8-Step Pipeline: JSONL → Reward Profile 01 Input JSONL tasks 02 Preprocess task/rollout idx 03 Dispatch POST /run 04 Model Call /v1/responses 05 Tool Exec POST /<tool> repeat until no more calls or max_steps 06 Verify POST /verify 07 Write output JSONL 08 Reward Profile pass@1/4/16 + stats

Steps 04–05 form the inner loop. The outer pipeline runs once per task. RewardProfiler computes pass@k at the end.

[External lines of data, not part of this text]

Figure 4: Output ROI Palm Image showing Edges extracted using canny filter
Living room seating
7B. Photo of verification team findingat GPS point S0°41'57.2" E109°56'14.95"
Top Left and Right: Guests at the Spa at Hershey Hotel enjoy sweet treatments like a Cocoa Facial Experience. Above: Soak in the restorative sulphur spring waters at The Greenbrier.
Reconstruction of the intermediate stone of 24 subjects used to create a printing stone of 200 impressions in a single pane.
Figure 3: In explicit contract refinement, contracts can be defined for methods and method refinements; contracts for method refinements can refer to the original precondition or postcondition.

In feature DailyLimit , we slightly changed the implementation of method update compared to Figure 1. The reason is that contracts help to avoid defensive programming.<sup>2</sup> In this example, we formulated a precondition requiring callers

The profiling step is worth dwelling on. RewardProfiler computes pass@k for k ∈ {1, 4, 16} along with mean, max, min, median, and standard deviation — both per-task and globally. This is not just a logging convenience; it directly measures the key quantity in RLVR: how often does the model produce a verifiably correct answer under multiple sample draws?

Infrastructure: The Parts That Make It Work

ServerClient

All inter-server HTTP communication goes through ServerClient, an aiohttp wrapper with retry logic (3× exponential backoff), and connection pooling set to 100,000 total connections and 1,000 per host. These numbers are aggressive but intentional: when running thousands of parallel rollouts across a Ray cluster, you need the headroom before connection exhaustion becomes the bottleneck.

Session Middleware

Cookie-based session state with UUID-per-session is an unconventional choice for a distributed system, but it elegantly solves the routing problem. When an agent calls POST /seed_session, the server creates session state and returns a cookie. All subsequent calls from that agent carry the cookie, giving the server access to the right session. No centralized session store, no distributed cache to manage, no sticky session configuration at the load balancer level.

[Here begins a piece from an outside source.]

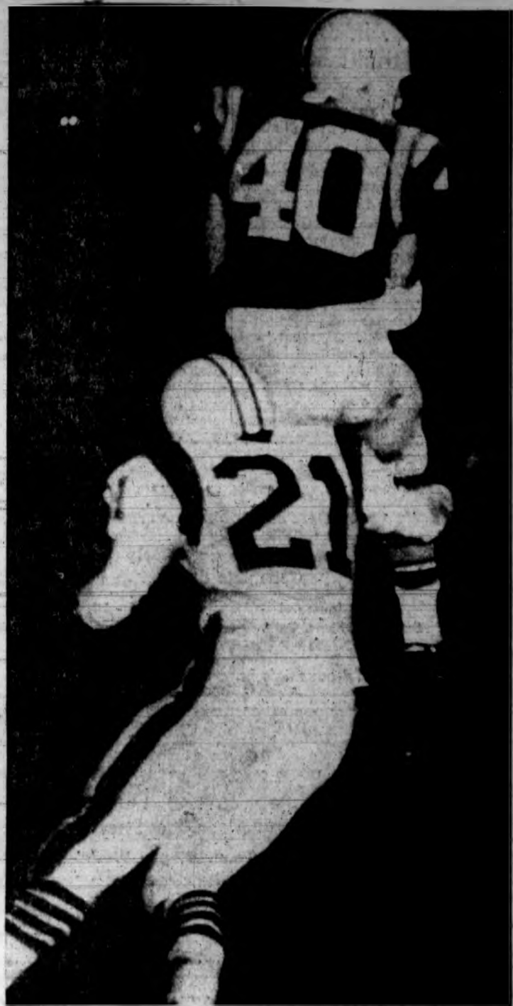
Ride High You Mustangs

Session State Is Local to Each Server

Because session state lives in server memory (keyed by cookie UUID), it means agent requests must reach the same resources server instance across all turns of a session. This is fine in the default single-instance configuration, but warrants attention if you scale resources servers horizontally behind a load balancer. You would need sticky sessions or session state externalization for that use case.

Ray Cluster

Ray handles distributed job scheduling, multi-node GPU management (tensor, pipeline, and data parallelism), placement groups for co-locating related processes, and actor-based vLLM server management. The local_vllm_model launches its vLLM instance as a Ray actor, which means Ray handles placement, fault tolerance, and resource allocation. TP × PP × DP configurations are set in Hydra config and passed through to vLLM's CLI flags automatically.

Configuration

Hydra + OmegaConf provides the config system, merging YAML files, CLI overrides, and env.yaml environment-specific settings. Five CLI entry points — ng_run, ng_collect_rollouts, ng_test, ng_reward_profile, ng_status — each compose different Hydra config groups to set up the appropriate server topology. This means switching from a local single-node run to a multi-node Ray cluster is a config change, not a code change.

Design Lessons

A few things stand out about NeMo Gym's architecture that generalize beyond this specific system.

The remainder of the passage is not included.